DATASET EXCERPT:
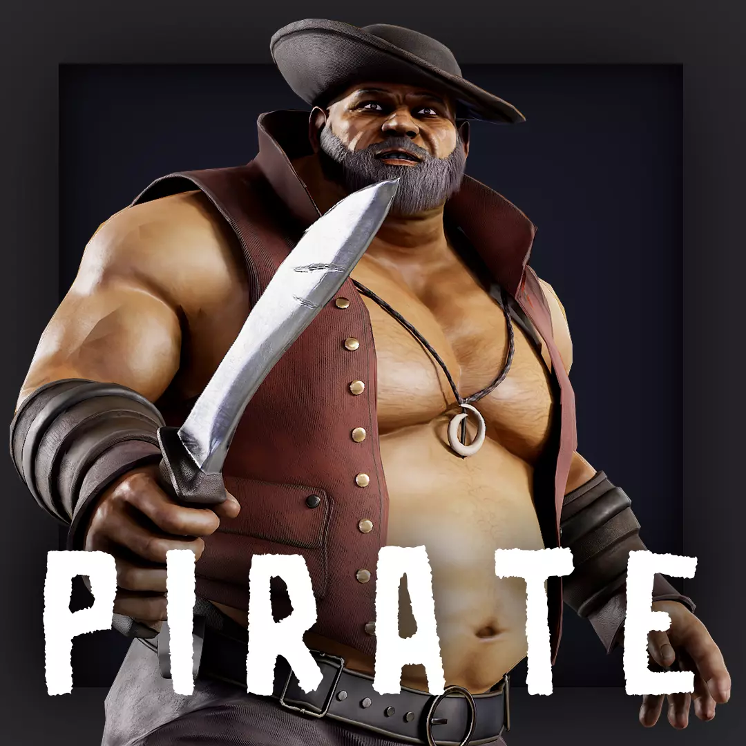 Pirate chef A pose Low_poly character redy for game for Unreal engine and UnityEpic RIGG 5 + Humanoid rigg
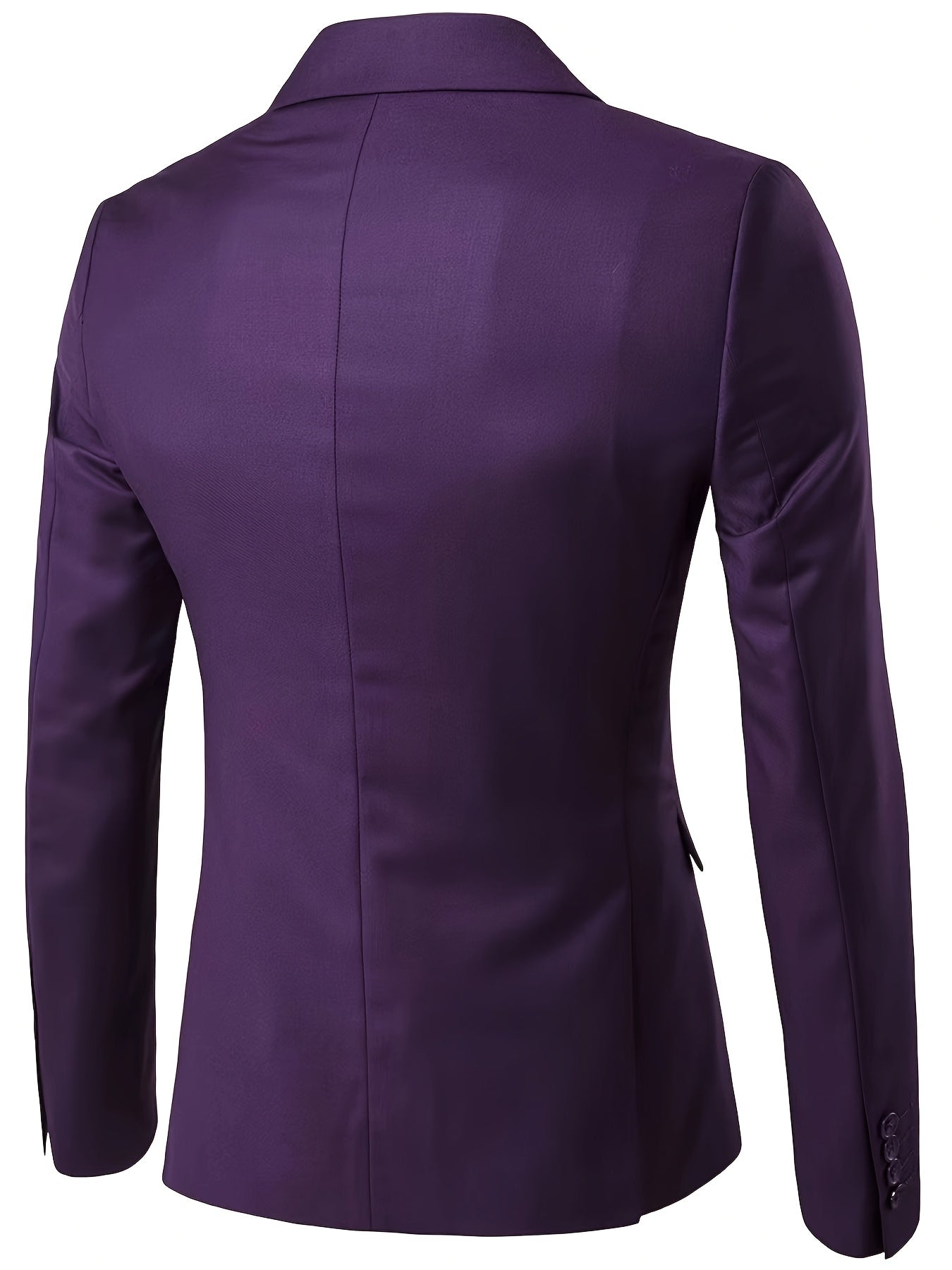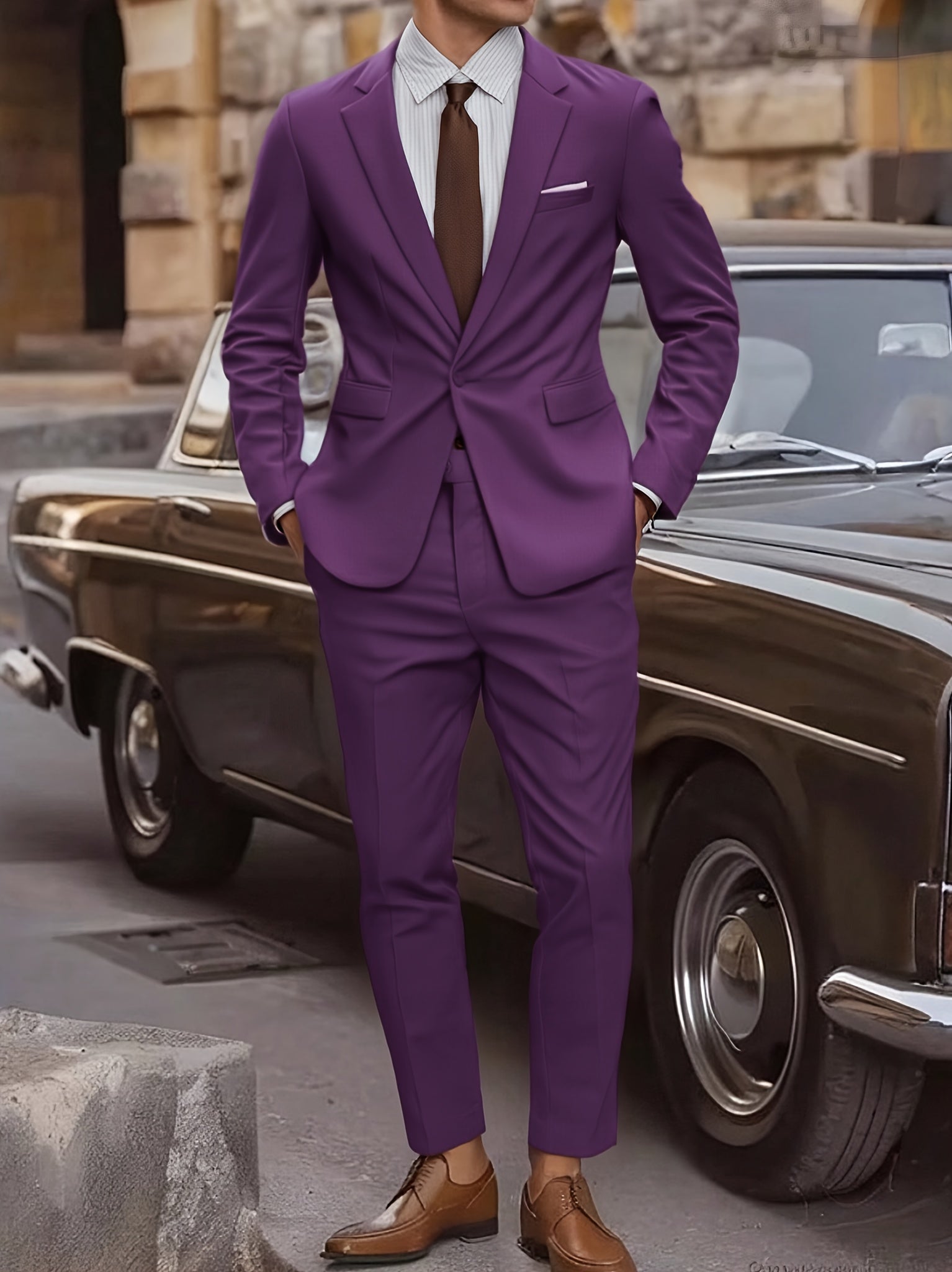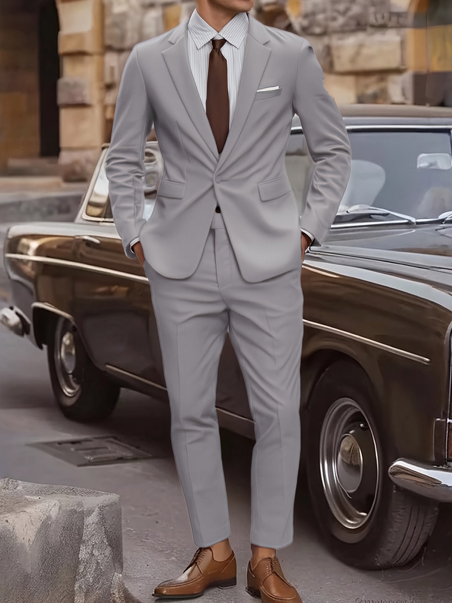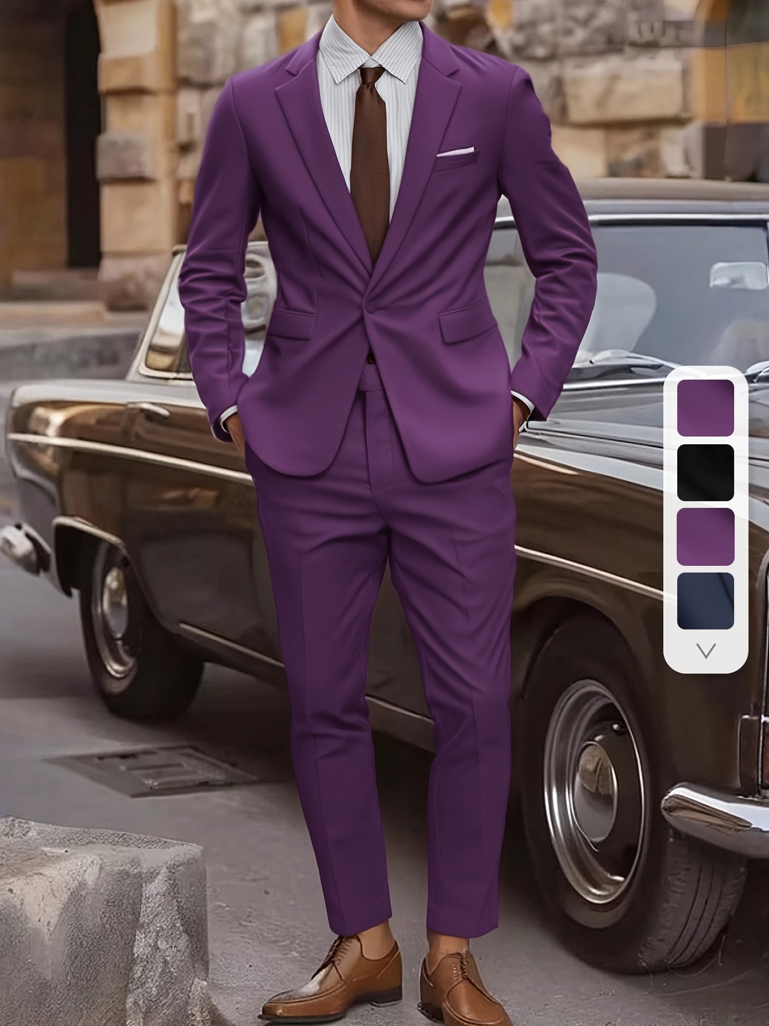 2pcs Men's Elegant Business Casual Suit Set - Includes Classic Lapel Blazer & Dress Pants, Polyester/Rayon Blend, with Pockets - Perfect for Weddings & Formal Occasions
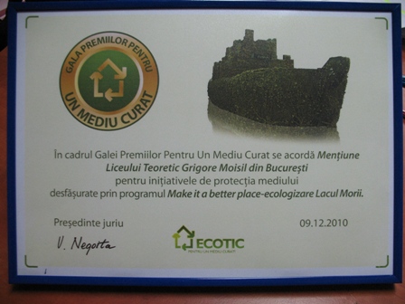 “Make It A Better Place” a primit Mentiune I in cadrul Galei din acest an, elevii si profesorii de la Liceul Teoretic “Grigore Moisil” din Bucuresti obtinand aceasta performanta dupa ce in primavara acestui an au demarat programul de ecologizare al Lacului Morii din capitala. Aproximativ 300 de voluntari au igienizat imprejurimile Lacului Morii si au plantat copaci in zona dintre lac si Parcul Crangasi. Peste 12 tone de deseuri au fost colectate in timpul acestei actiuni.

WORK TO BE COMPLETED: Every line above should be copied exactly; do not carry over the pictures.

EXPECTED ANSWER:
 Pirate chef A pose Low_poly character redy for game for Unreal engine and UnityEpic RIGG 5 + Humanoid rigg
 2pcs Men's Elegant Business Casual Suit Set - Includes Classic Lapel Blazer & Dress Pants, Polyester/Rayon Blend, with Pockets - Perfect for Weddings & Formal Occasions
 “Make It A Better Place” a primit Mentiune I in cadrul Galei din acest an, elevii si profesorii de la Liceul Teoretic “Grigore Moisil” din Bucuresti obtinand aceasta performanta dupa ce in primavara acestui an au demarat programul de ecologizare al Lacului Morii din capitala. Aproximativ 300 de voluntari au igienizat imprejurimile Lacului Morii si au plantat copaci in zona dintre lac si Parcul Crangasi. Peste 12 tone de deseuri au fost colectate in timpul acestei actiuni.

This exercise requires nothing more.